According to some sources, Orkhon script is derived from variants of the Aramaic alphabet,[3][4][5] in particular via the Pahlavi and Sogdian alphabets,[6][7] as suggested by Vilhelm Thomsen, or possibly via Kharosthi (cf. the inscription at Issyk kurgan).

Another explanation of the script's origin aside from derivation from tamgas, an alternate possible derivation from Chinese characters was suggested by Vilhelm Thomsen in 1893. Turkic inscriptions dating from earlier than the Orkhon inscriptions used about 150 symbols, which may suggest that tamgas first imitated Chinese script and then gradually was refined into an alphabet.

Thomsen (1893) connected the script to the reports of Chinese account (Records of the Grand Historian, vol. 110) from a 2nd century BC Yan renegade and dignitary named Zhonghang Yue (Chinese: 中行说; pinyin: Zhōngháng Yuè), who "taught the Chanyu (rulers of the Xiongnu) to write official letters to the Chinese court on a wooden tablet (simplified Chinese: ; traditional Chinese: ; pinyin: ) 31 cm long, and to use a seal and large-sized folder". The same sources tell that when the Xiongnu noted down something or transmitted a message, they made cuts on a piece of wood (gemu); they also mention a "Hu script". At the Noin-Ula burial site and other Hun burial sites in Mongolia and regions north of Lake Baikal, the artifacts displayed over twenty carved characters. Most of these characters are either identical with or very similar to the letters of the Turkic Orkhon script.[8]

Contemporary Chinese sources conflict as to whether the Turks had a written language by the 6th century. The Book of Zhou, dating to the 7th century, mentions that the Turks had a written language similar to that of the Sogdians. Two other sources, the Book of Sui and the History of the Northern Dynasties claim that the Turks did not have a written language.[9]

Corpus

The Old Turkic corpus consists of about two hundred[10] inscriptions, plus a number of manuscripts.

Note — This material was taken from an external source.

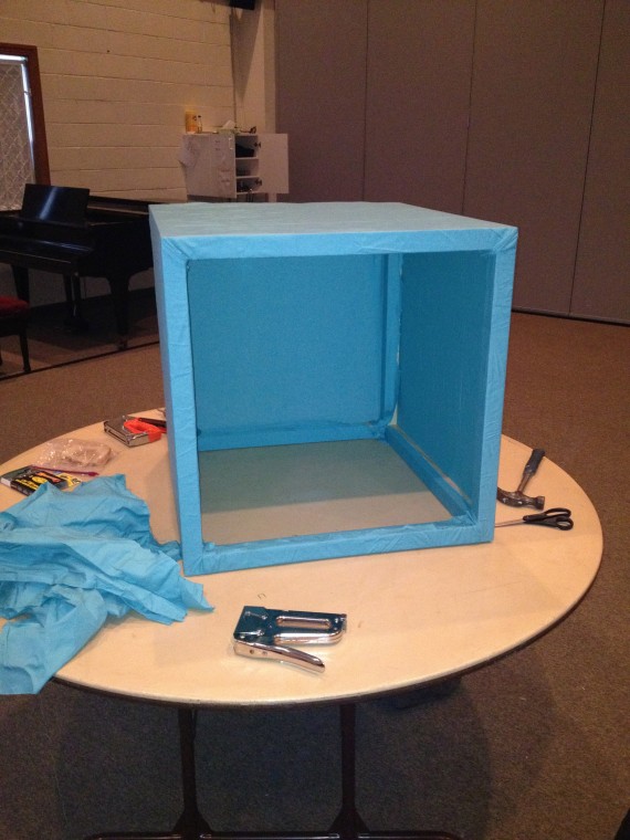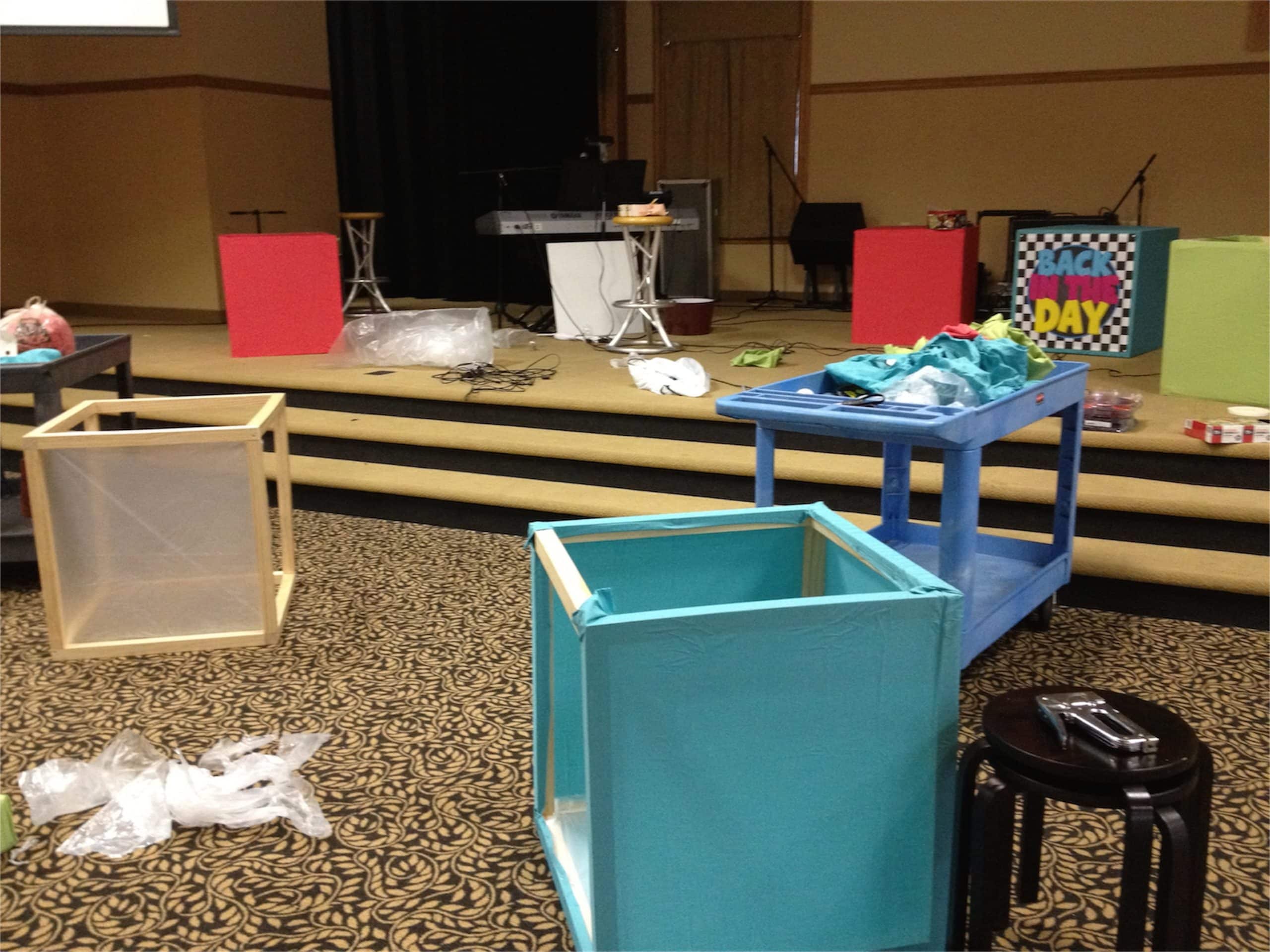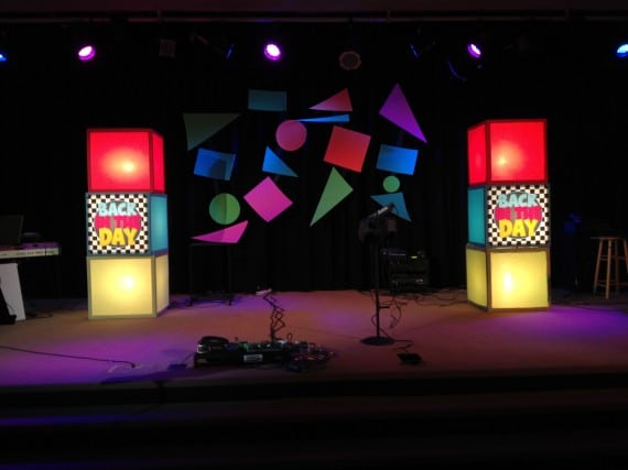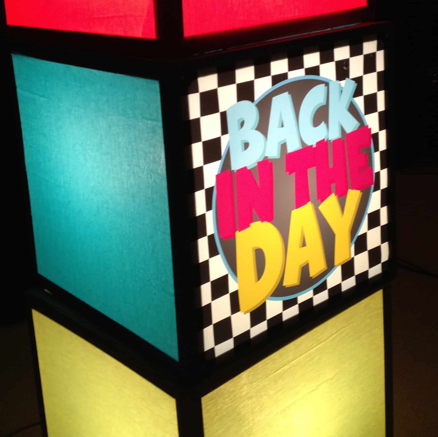 Then they attached plastic to the inside of the box which helped diffuse the light inside. They also used bright colored bedding fabric to wrap outside the box – leaving one side unwrapped for the “back in the day” graphic. To light the boxes, they used low wattage light bulbs and hung one inside each box. They were on dimmers.

The inscriptions, dating from the 7th to 10th century, were discovered in present-day Mongolia (the area of the Second Turkic Khaganate and the Uyghur Khaganate that succeeded it), in the upper Yenisey basin in central South Siberia, and, in smaller numbers, in the Altay mountains and in Xinjiang. The texts are mostly epitaphs (official or private), but there are also graffiti and a handful of short inscriptions found on archaeological artifacts, including a number of bronze mirrors.[10] The website of the Language Committee of Ministry of Culture and Information of the Republic of Kazakhstan lists 54 inscriptions from the Orkhon area, 106 from the Yenisei area, 15 from the Talas area, and 78 from the Altai area. The most famous of the inscriptions are the two monuments (obelisks) which were erected in the Orkhon Valley between 732 and 735 in honor of the Göktürk prince Kül Tigin and his brother the emperor Bilge Kağan. The Tonyukuk inscription, a monument situated somewhat farther east, is slightly earlier, dating to ca. 722. These inscriptions relate in epic language the legendary origins of the Turks, the golden age of their history, their subjugation by the Chinese, and their liberation by Bilge.

The Old Turkic manuscripts, of which there are none earlier than the 9th century, were found in present-day Xinjiang and represent Old Uyghur, a different Turkic dialect than the one represented in the Old Turkic inscriptions in the Orkhon valley and elsewhere.[10] They include Irk Bitig, a 9th-century manuscript book on divination.

Table of characters

Table of characters as published by Thomsen (1893)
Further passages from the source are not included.